Taxi Service Trajectory (TST) Prediction Challenge 2015
The post-challenge verifications are now concluded. After a careful analysis of the source code with models produced by the competitors, along with their outputs, we are proud to confirm the top teams on both Kaggle's leader boards as winners of both competitions. See the results here.
The training Dataset of this challeng is now publicly available for scientific purposes on UCI repository.
The challenges came to an end. Over. 700 teams competed in these two competitions within this challenge - organized with Kaggle. The post-challenge verifications have already started and soon we will announce the final leader boards, along with the winners of each competition.
Challenge submissions ended!!! Workshop submissions now open.
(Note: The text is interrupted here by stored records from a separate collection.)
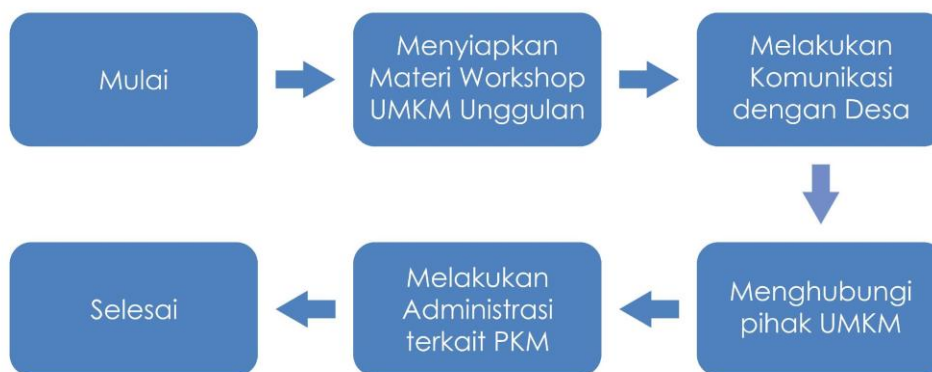
Gambar 3. Langkah-langkah pada tahap perencanaan

Tahap perencanaan merupakan tahapan awal untuk mempersiapkan kegiatan pengabdian masyarakat dimulai dengan pembentukan tim dan pembagian tugasnya masing-masing, survei lokasi, identifikasi masalah, dan usulan program kerja. Selain itu kami menyiapkan peralatan dan perlengkapan untuk pengabdian kepada masyarakat. Pertama, menyiapkan materi workshop UMKM unggulan desa. Kedua, melakukan komunikasi dengan pihak desa mengenai pelaksanaan workshop UMKM. Ketiga, menghubungi pihak UMKM desa Pasar Kemis sebagai pengisi workshop UMKM. Keempat, melakukan survey tempat pelaksanaan workshop UMKM. Persiapan terakhir yakni melengkapi persyaratan administrasi yang berhubungan dengan pengabdian masyarakat. Diagram alir dibawah ini menunjukkan langkah-langkah yang dilakukan pada tahap perencanaan yaitu:
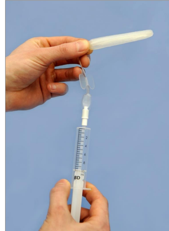
befeuchtete Tamponade mit luftgefüllter 10ml Spritze
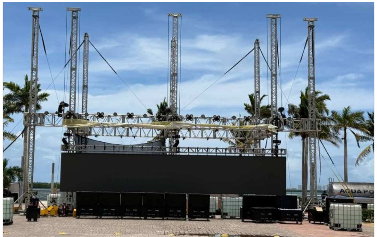
▲ La transmisión de partidos también se realizará en los municipios de Bacalar, Tulum, Cozumel e Isla Mujeres. En total serán 50 partidos, de los 104 que tendrá el Mundial, los que podrán verse gratuitamente en el Caribe Mexicano

La transmisión de partidos también se realizará en
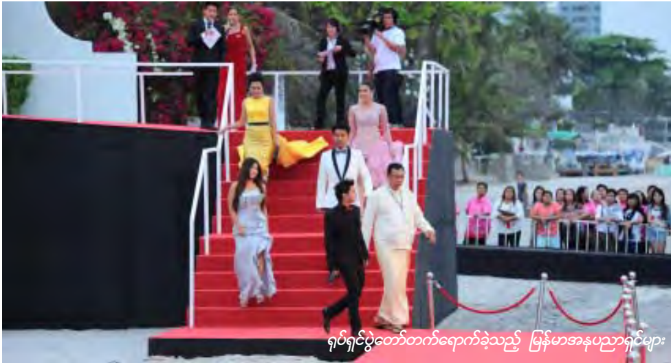
ရပ်ရှင်ပွဲတော်တက်ရောက်ခဲ့သည့် မြန်မာအနုပညာရှင်များ

ထိုင်းနိုင်ငံဘန်ကောက်မြို့တွင် ပြုလုပ်သည့်ဟွာဟင်းရပ်ရှင်ပွဲတော်တွင် ပန်းကြာဝတ်မှုန်ရပ်ရှင်ဇာတ်ကားပြသခဲ့ပြီး ဒါရိုက်တာစင်ရော်ကောင်း သိရသည်။
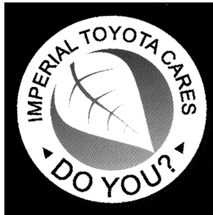
Die 'nuwe' Toyota-logo
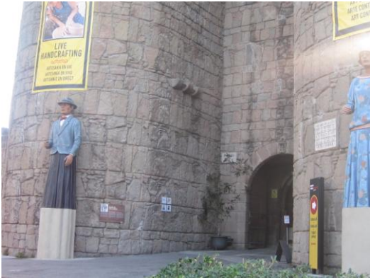
Το "Ισπανικό χωριό"

Η τελευταία μέρα αφιερωμένη σε μια καταπληκτική ξενάγηση, ξεκίνησε νωρίς με βόλτες στην πόλη. Περιήγηση στο Ολυμπιακό Χωριό, αποτέλεσμα των Ολυμπιακών Αγώνων του 1992, βόλτα στο "Ισπανικό Χωριό", για να δούμε πώς κατασκευάζονταν οι εντυπωσιακές κατοικίες των Ισπανών πριν χρόνια, ο λόφος από τον οποίο μπορεί κανείς να θαυμάσει την πανοραμική θέα της πόλης, η μικρή Μπαρτσελόνα ή αλλιώς Barceloneta, με την μεγάλη αμμουδιά και τα αμέτρητα νυχτερινά clubs που προσφέρουν διασκέδαση σε ντόπιους και τουρίστες.
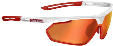
BIANCO • RW ROSSO WHITE • RW RED
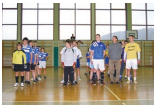
Ekipa nestrpno čakajo na začetek tekmovanja
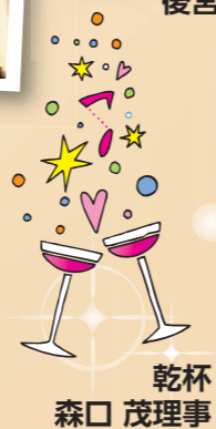
乾杯 森口 茂理事
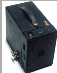
《ライトニングマガジンカメラ》 1899

Electronic taxi dispatch systems are in wide use today. These systems have replaced the traditional VHF-radio dispatch by installing mobile data terminals in taxis, which typically provide GPS localization information and taximeter state. In the last couple of years, the broadcast-based radio messages for service dispatching were replaced by unicast-based messages between the taxi central and the selected vehicle.
In most cases, taxi drivers operating through an electronic dispatch system do not indicate the final destination of the ride. In some cases, particularly when the demand for taxis is higher than the taxi availability, the closest taxi to a particular location is exactly the taxi that will end its current ride at that location. While in broadcast-based radio dispatching this was not a problem, in unicast-based electronic dispatching it becomes a problem, given that most drivers do not indicate the final destination of their current ride. To improve the efficiency of electronic taxi dispatching systems it becomes important to be able to predict the final destination of busy taxis. The spatial trajectory of a busy taxi could provide some hints on where it is going. Similarly, given the taxi id, it might be possible to guess its final destination based on the regularity of pre-hired services. In a significant number of taxi rides (approximately 25%), the taxi has been called through the taxi call-center, and thus the passenger's telephone id can be used to narrow the destination prediction based on the historical ride data of such telephone id.
In this challenge, we propose you to build a predictive framework able to infer the final destination of each taxi ride based on their (initial) partial trajectories. This challenge is divisible in two different outputs: (a) the destination coordinates (WGS84) and (b) the total trip's travel time (counting from the service's starting point, in seconds).
Solution? There is none! This is your job! What are you using? Simple Correlations? Spatial discretization… maybe? How about the regular services… are they worthy to explore? Is Bayesian learning a fair approach for the destination mining? Is the destination related to the travel time? How? Bring us your solution!